Much is expected from the largest and most ambitious public inquiry ever established.

The independent inquiry into child sexual abuse seems to have got off to a good start. Lowell Goddard, who served as a high court judge in New Zealand for 20 years before being appointed to chair the inquiry in April, has not been wasting her time.

The government’s most important decision was to start the new statutory inquiry afresh – avoiding some of the pitfalls that beset the non-statutory panel headed first by Baroness Butler-Sloss and then Dame Fiona Woolf. Goddard (pictured below) is sitting with just four experts, three of them lawyers.

The panel no longer includes victims, although one member spent his childhood in care: Ivor Frank is a barrister who now has four decades of experience in child protection, human rights and family law.

The other three members are Professor Malcolm Evans, an international lawyer specialising in freedom of religion and prevention of torture; Drusilla Sharpling, a former chief Crown prosecutor who subsequently inspected policing responses to child abuse; and Professor Alexis Jay, a former director of social services who led the inquiry into child sexual exploitation in Rotherham. Ben Emmerson QC remains counsel to the inquiry and the highly experienced Martin Smith, a partner at Fieldfisher, is the inquiry’s solicitor.

Goddard was right to say that victims should be at the centre of the inquiry. But the officials who decided that victims should be members of the earlier inquiry team were misguided in thinking that people with a direct interest in child abuse could be judges in their own cause. Instead, victims and survivors have been appointed to a new consultative panel, which will offer Goddard and her colleagues advice and guidance. There is a separate victims’ and survivors’ liaison group.

The inquiry – to be known as IICSA – now has a helpline and a well-designed website.

Public inquiry hearings tend to follow a familiar pattern.

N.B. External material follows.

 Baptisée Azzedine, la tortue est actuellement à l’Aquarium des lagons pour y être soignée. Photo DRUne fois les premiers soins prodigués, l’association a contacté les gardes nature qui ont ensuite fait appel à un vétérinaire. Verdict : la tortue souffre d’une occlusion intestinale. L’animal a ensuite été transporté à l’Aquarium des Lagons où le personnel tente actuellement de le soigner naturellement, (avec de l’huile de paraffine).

A witness takes the oath and answers questions from counsel to the inquiry. The witness may then be cross-examined by counsel for the interested parties. Listening to the witness’s answers are not only the panel members but also huge teams of lawyers, some so far away that they cannot even see the witness’s expression. Evidence is transcribed and may be televised.

Lowell goddard

Source: Jack Taylor/AFP/Getty Images

The process is seen as a good way of getting at the truth and satisfies a legitimate public concern by holding people to account. But it is also slow, expensive and not well suited to the questioning of vulnerable or traumatised victims. So Goddard has decided that the traditional public hearing will form only one part of the inquiry’s work. It will select case studies from a range of public bodies that appear to illustrate a wider pattern of institutional failings.

Evidence will be taken both from the institutions under investigation and from victims and survivors of sexual abuse. Each hearing will last for around six weeks and the inquiry expects to hold up to 30 separate hearings, starting next year.

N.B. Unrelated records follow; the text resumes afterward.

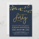 Convite de festas elegante com cordas de luz e a palavra "quarenta" em folha de ouro falsa contra fundo azul escuro. A placa inclui um padrão correspondente do lado traseiro. Veja outros itens correspondentes aqui https://www.zazzle.com/collections/strings_of_lights_faux_gold_celebration_collection-119311942951401241?rf=238364477188679314 Personalize-o substituindo o texto do espaço reservado para adicionar suas informações. Para obter mais opções, clique no botão "Personalizar". *Observe que a Marca d'água do Zazzle que aparece na visualização de zoom NÃO aparecerá no produto impresso final. © Rosewood e Citrus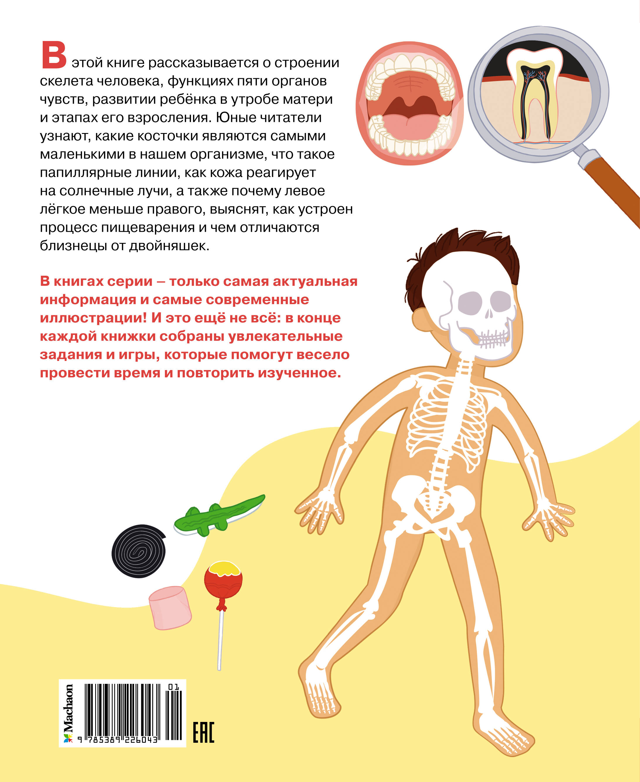 В этой книге рассказывается о строении скелета человека, функциях пяти органов чувств, развитии ребёнка в утробе матери и этапах его взросления. Юные читатели узнают, какие косточки являются самыми маленькими в нашем организме, что такое папиллярные линии, как кожа реагирует на солнечные лучи, а также почему левое лёгкое меньше правого, выяснят, как устроен процесс пищеварения и чем отличаются близнецы от двойняшек. В книгах серии - только самая актуальная информация и самые современные иллюстрации! И это ещё не всё: в конце каждой книжки собраны увлекательные задания и игры, которые помогут весело провести время и повторить изученное.| Издательство | Азбука-Аттикус Издат.группа ООО |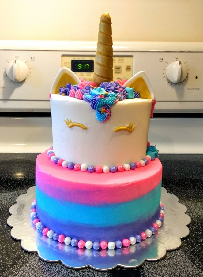 An 8″ chocolate cake and a 6″ vanilla cake. Both are iced in vanilla buttercream. The horn, eyes and ears are hand made from fondant.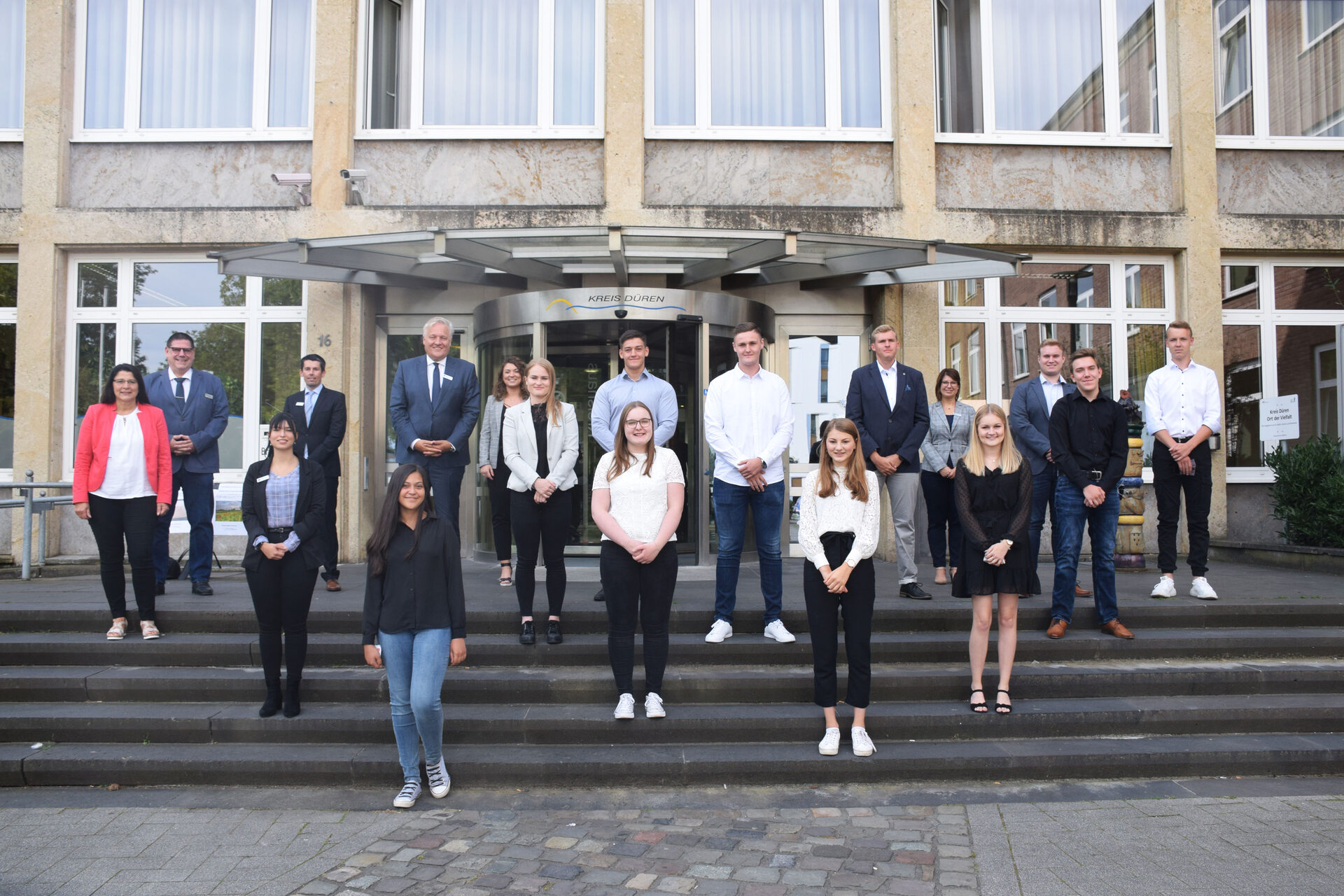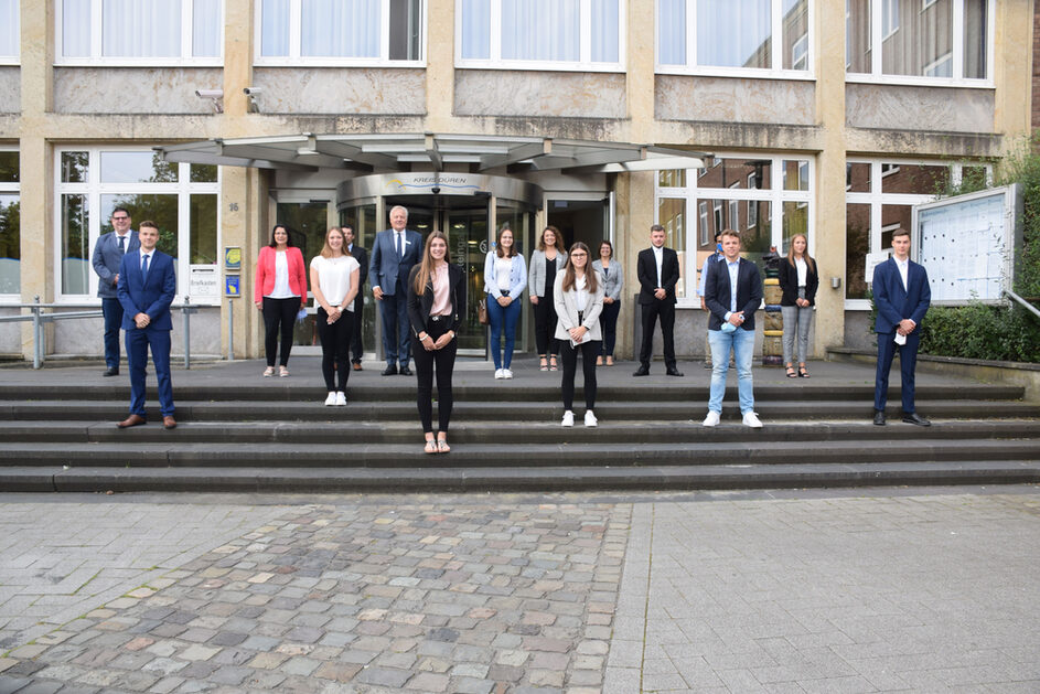 Nach der offiziellen Begrüßung gab es dann noch in Kleingruppen eine Rallye durch die Verwaltungsgebäude, ein erstes Kennenlernen der neuen Kolleginnen und Kollegen sowie ein Frühstück mit der Jugend- und Auszubildendenvertretung. Rund die Hälfte der Auszubildenden startet im August dieses Jahres, die andere Hälfte wird zum 1. September das Duale Studium antreten. "Wir wünschen allen einen guten Start bei uns", sagt Landrat Wolfgang Spelthahn.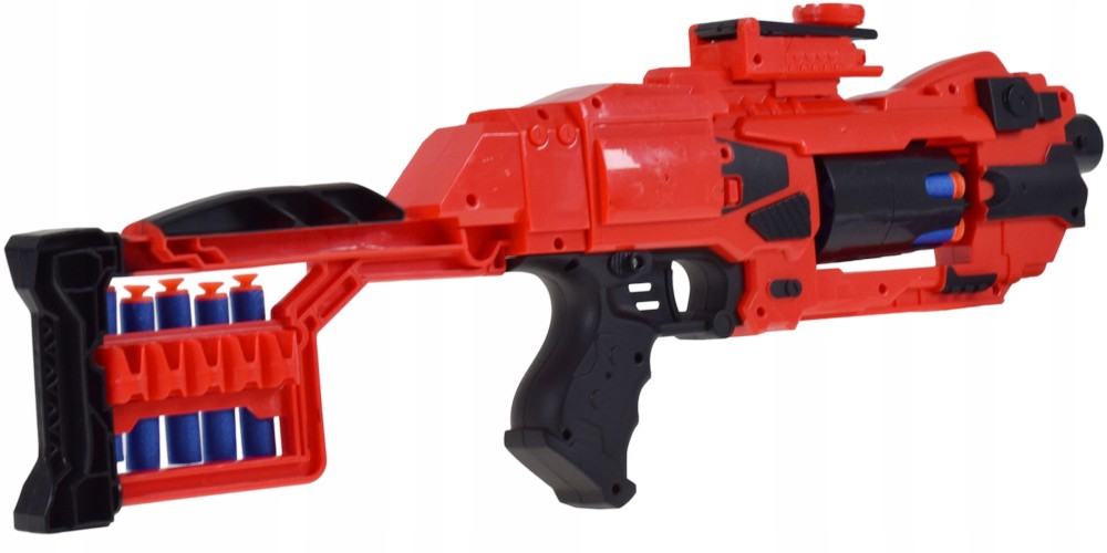 - Muniție: săgeți din spumă de 7 mm cu ventuze

In addition, though, the inquiry has set up two other methods of gathering information. One is a straightforward research project, led by an academic advisory board. The other is a truth project, which – though based on a similar project in Australia – sounds a bit like the truth and reconciliation commission set up in 1996 to bear witness to the crimes of apartheid in South Africa and ease the country’s passage to democracy.

This project will allow victims and survivors of child sexual abuse to share their experiences, in private, with a member of the inquiry team. Crucially, these accounts will not be tested, challenged or contradicted. Everyone taking part will be given the opportunity to leave an anonymised message that will be published alongside the inquiry’s reports.

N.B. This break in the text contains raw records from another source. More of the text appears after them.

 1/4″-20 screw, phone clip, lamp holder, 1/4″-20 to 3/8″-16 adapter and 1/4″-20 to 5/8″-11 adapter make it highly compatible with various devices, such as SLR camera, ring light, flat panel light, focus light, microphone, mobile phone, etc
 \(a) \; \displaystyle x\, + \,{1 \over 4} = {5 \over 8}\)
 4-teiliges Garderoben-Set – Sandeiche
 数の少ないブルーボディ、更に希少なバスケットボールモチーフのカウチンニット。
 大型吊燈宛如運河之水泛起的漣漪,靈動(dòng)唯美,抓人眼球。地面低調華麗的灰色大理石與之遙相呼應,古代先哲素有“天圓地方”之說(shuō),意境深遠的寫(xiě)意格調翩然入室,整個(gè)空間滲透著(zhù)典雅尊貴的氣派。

These sessions, which start in October, will no doubt be cathartic for those taking part. Perhaps for the first time, someone in authority will listen to what they have to say without casting doubt on their truthfulness or powers of recall. Lawyers, of course, may doubt the value of untested evidence. But, provided everyone understands its limitations, this testimony should have a valuable part to play in the inquiry’s eventual conclusions.

And when will those appear? Goddard is well aware that Lord Saville spent five years longer than he had intended merely writing his report on Bloody Sunday. She knows that Sir John Chilcot’s insistence on giving individuals the opportunity to respond to provisional criticism in the Iraq inquiry’s draft report has delayed its publication indefinitely and ‘disappointed’ the prime minister.

So she has promised annual updates and hopes that the largest and most ambitious public inquiry ever established in England and Wales will be completed in five years’ time. That is a realistic target, and one she should keep to. The best must not be the enemy of the good.